The subpoenas demand communications between those firms and Trump’s personal lawyer Boris Epshteyn, a significant escalation in the ongoing legal confrontation.
Deposition notices have also been served on the firm leaders who personally signed the settlement deals with the administration.
The nine firms in question are those that chose to negotiate agreements rather than challenge the administration’s executive orders in court.
Those executive orders had been widely criticised as retaliatory and constitutionally questionable, targeting law firms perceived as adversarial to the administration.
The DOJ action emerges as a side effect of the administration’s legal battle with the American Bar Association, which filed suit against the administration over its legal blacklist campaign.
The ABA’s lawsuit challenged the administration’s use of executive orders to effectively penalise law firms, prompting the broader discovery effort now sweeping up the settling firms.

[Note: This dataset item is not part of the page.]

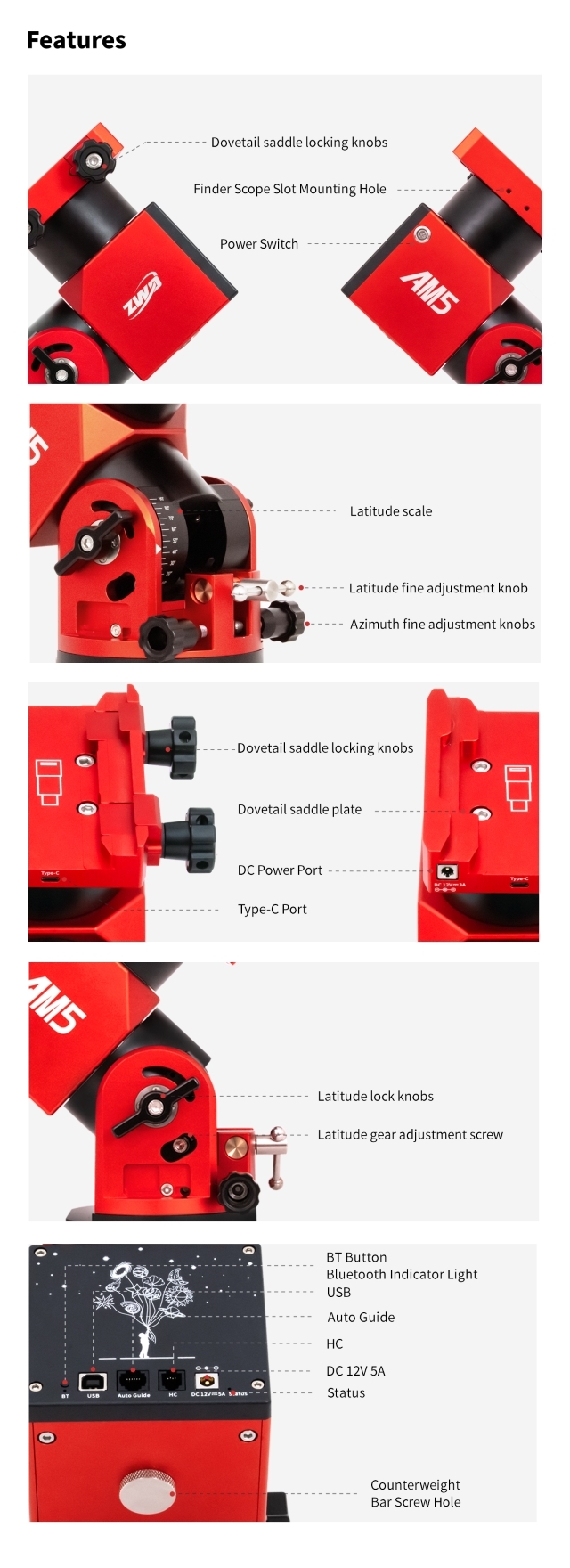 | 電源功耗 | 12V / 0.5A (待機), 12V / 0.7A (追蹤), 12V / 1.2A (GOTO) |

Bloomberg Law reports that a DOJ spokesperson responded to requests for comment on the subpoenas, though the spokesperson was not named in the report.

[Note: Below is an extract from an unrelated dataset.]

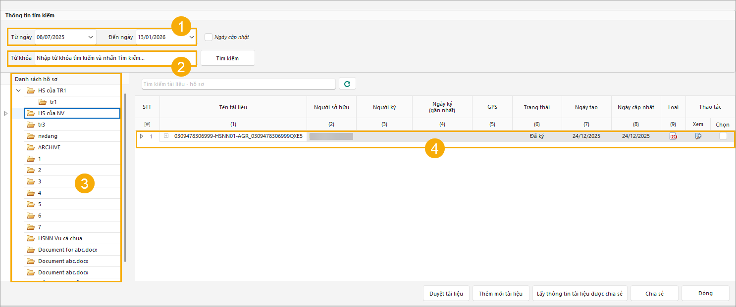 (4) Danh sách tài liệu tương ứng với thư mục (hồ sơ) đang chọn ở Danh sách hồ sơ.

The spokesperson’s explanation, rather than clarifying the government’s intentions, has prompted further scrutiny over the legal basis for targeting firms that had already settled.
Critics note the subpoenas create a troubling dynamic in which firms that complied with the administration’s demands now face government demands for their internal communications.
The move raises fundamental questions about whether settlement with the administration provided any genuine legal protection or simply opened firms to further exposure.
Legal observers have pointed out that demanding communications with Epshteyn suggests the DOJ is probing the negotiation process behind the settlements themselves.
The ABA’s decision to challenge the executive orders in court stands in sharp contrast to the approach taken by the nine firms now facing subpoenas.
Firm leaders named in deposition notices face the prospect of testifying about negotiations they likely assumed were confidential and concluded matters.
The broader legal community is watching closely to see whether this latest escalation will deter other firms from seeking similar settlements in the future.